Treatment for pyloric stenosis

If pyloric stenosis has been confirmed, then the baby will be admitted to the hospital for surgery.  The surgical procedure is known as pyloromyotomy- it involves cutting the outer layer of the thickened pyloric muscle to allow food to move out of the stomach into the intestines properly. Laparoscopy is usually performed wherein the incision is made near the belly button. The incision is covered with a small tape after the surgery.

Simultaneously, IV drip line will also continue to supplement electrolytes.

How to prepare your baby for the surgery?

The operation will be scheduled immediately after the test reports are confirmed. Your doctor will ask you to not feed milk or formula at least 6 hours before the surgery. Your baby will be given general anesthesia before the surgery.

What to expect after the surgery?

The surgery takes about 1 hour to complete and is a successful option for eliminating pyloric stenosis without any complication. Your child may be retained for a day or two in the hospital.  His/her feeding pattern and response will be monitored.

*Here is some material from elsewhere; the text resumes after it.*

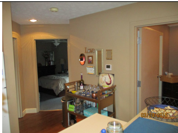
Hallway view to Bedrooms & Kitchen

Oral feeding will be resumed but you need to feed very slowly and in small quantity, initially. Breast milk should be fed in a bottle. Your doctor might prescribe pain killers to combat minor postoperative pain.

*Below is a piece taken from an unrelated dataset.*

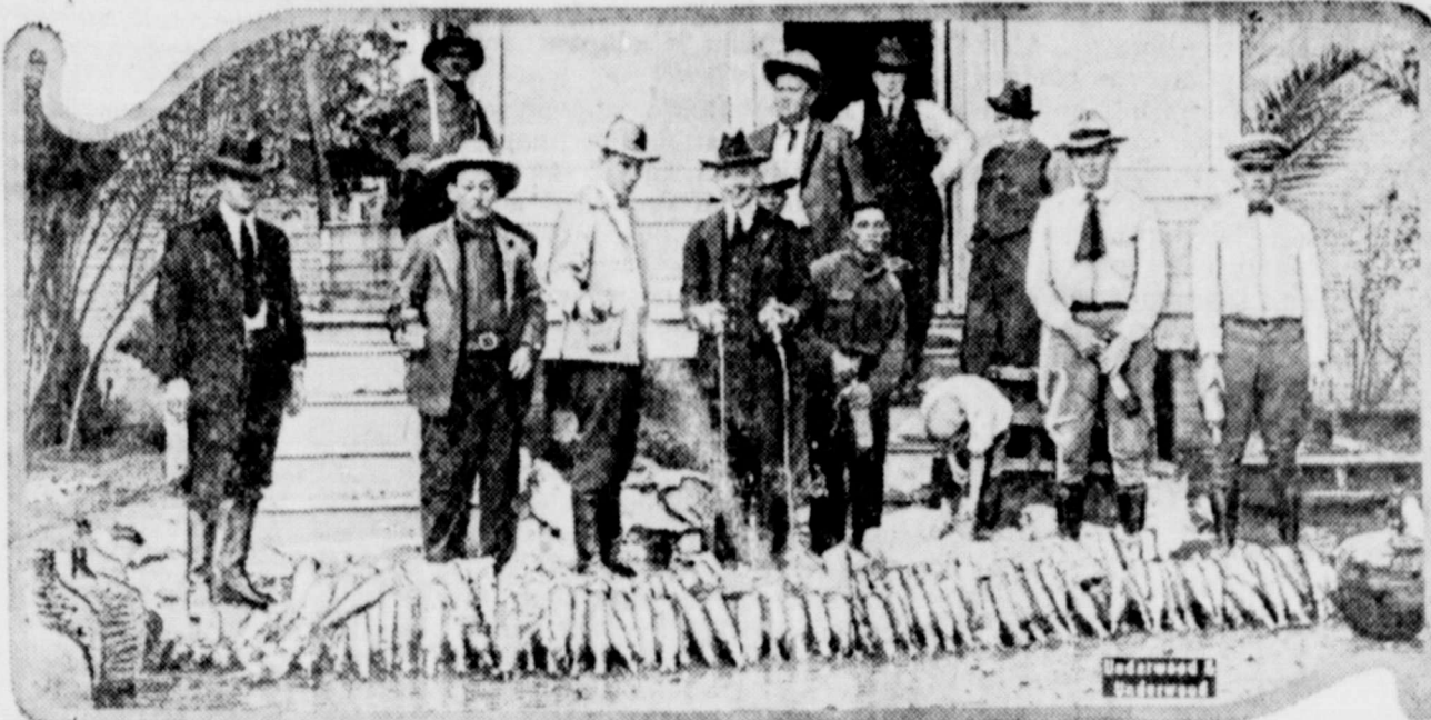
Federal agents disposing of a quantity of Mezcal and Tequila, smuggled across the border into Brownsville, Texas, and seized with the co-operation of the Texas rangers.

Your child might vomit due to the anesthesia, which is normal. Gradually, your doctor will increase the formula amount and concentration to maintain healthy weight. You can bathe your baby after 3-4 days but before that warm sponge bath is advised. Do not touch the incision site.

A follow up treatment will be scheduled by your doctor.

All is all, pyloromyotomy is safe and your baby will completely recover from the problems that he/she had been facing previously. So don’t be afraid!